Tuesday, May 24, 2011

Mapping Senses Analysis

Before I listened to this article when I thought of a map, I did think of a road map or some kind of cartography map and I always thought that those maps included everything because I wasn't really thinking about what 'everything' meant. I never thought of power lines or sewer lines as a map, yet they are mapped for the companies that service them. I wonder what a true map of a city would look like, would we even be able to look through it? I find myself imagining some kind of 3-d hologram like you see in sci-fi films.
The idea that any map leaves out details is interesting to me. When you focus only on one sense then you are missing out on the others, yet, when you do focus on one sense that sense becomes stronger. There's a trade-off, you're able to notice more when you're just listening to the things around you yet you lose the experience of seeing them with your eyes.
I found Deb Monroe's piece particularly compelling. She is mapping her own body through her sense of touch but her map is all wrong. She is not really feeling the truth of her own body, just want her brain thinks she feels, or rather, what her hypochondria is telling her she finds. I started to feel sorry for Deb, thinking that she was obsessing over tiny details and driving herself crazy thinking she's got some kind of terrible illness every time she comes across a new freckle or gets a headache.

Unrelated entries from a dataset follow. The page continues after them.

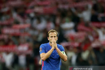 Pesepakbola Inggris Harry Kane saat menghadapi Polandia pada kualifikasi Piala Dunia 2022 di PGE Narodowy, Warsawa, Polandia, Kamis (9/9/2021). Inggris ditahan imbang Polandia 1-1. ANTARA FOTO/Action Images via Reuters/Carl Recine/rwa.
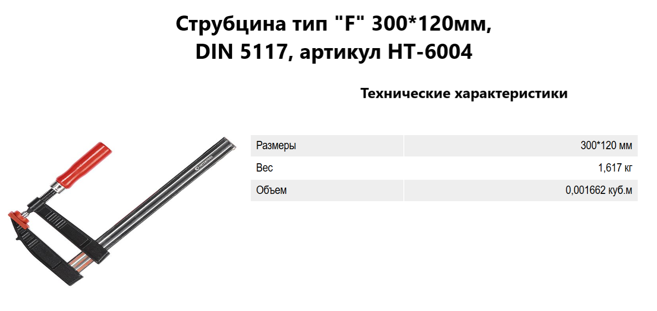 Струбцина тип "F" 300*120мм, DIN 5117, артикул HT-6004
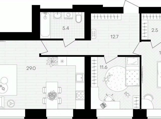 жилая: 24.2 кв.м., (12,8+11,4)
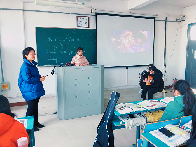 一是提升学生跨文化思维和意识。本次公开课的主题是“unusual festival”(不同寻常的节日),汪静老师将美国的Halloween(万圣节)、墨西哥的Day of the Dead(亡灵节)和中国的清明节进行跨文化对比,引发学生对于生命意义的哲学思考。
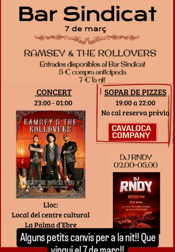 Llegir més Lloc La Palma d'Ebre La Palma d'Ebre, Espanya Mes informació Llegir més Data 07 març 2026 Hora 19:00 - 23:00 Municipi La Palma d'Ebre Concert al Sindicat Comparteix aquest esdeveniment + Afegir a Google Calendar Exportació a + iCal / Outlook
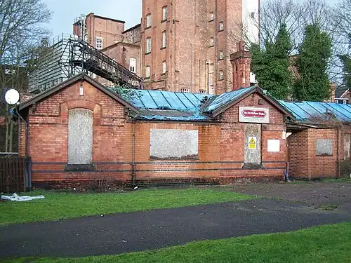 It was built in 1882 for the Midland Railway's Basford to Bennerley Junction branch, at a cost of £2,495 15s 7d, designed by Charles Trubshaw who went on to become a major railway architect.[2] It was designed according to the Arts and Crafts movement to resemble artisan cottages.[2] The rails used in the building of this branch line were taken up from Kimberley station to Bennerley Junction in 1916 and presented to the War Department for use in the battle for the Dardanelles during the First World War. The line from Basford to Kimberley remained in place.[3]

I started thinking about the kinds of maps I keep and my mind went immediately to the restroom. Wherever I am, I need to know where the nearest restroom is and I chart in my mind the quickest way to get there. If I have been to a restroom before and know that it is frequently empty I keep it in my mind, building a map of the abandoned restrooms so that if I ever need them, I can find them quickly. There's one on the top floor of the Drama building that is usually empty and one on the top floor of the Student Union that is usually clear of people. The reason I do this is because I have a chronic illness called Ulcerative Colitis which can make me need to rush to the bathroom. The reason for wanting an empty one is if I am ill, I'm likely to have diarrhea which can be very embarrassing if you're in a bathroom full of people waiting to use the stall. Before I got UC I never noticed restrooms, never really cared about them but since I was diagnosed I keep a list in my head of the memorable (clean, usually empty, soft toilet paper) restrooms I've been to so that if I'm ever in that place again - I know where to go. The restroom is such a pinnacle of my illness; it's the place where I spend the most time when I am ill. It has become a much more important place to me than I'm sure it is to most people.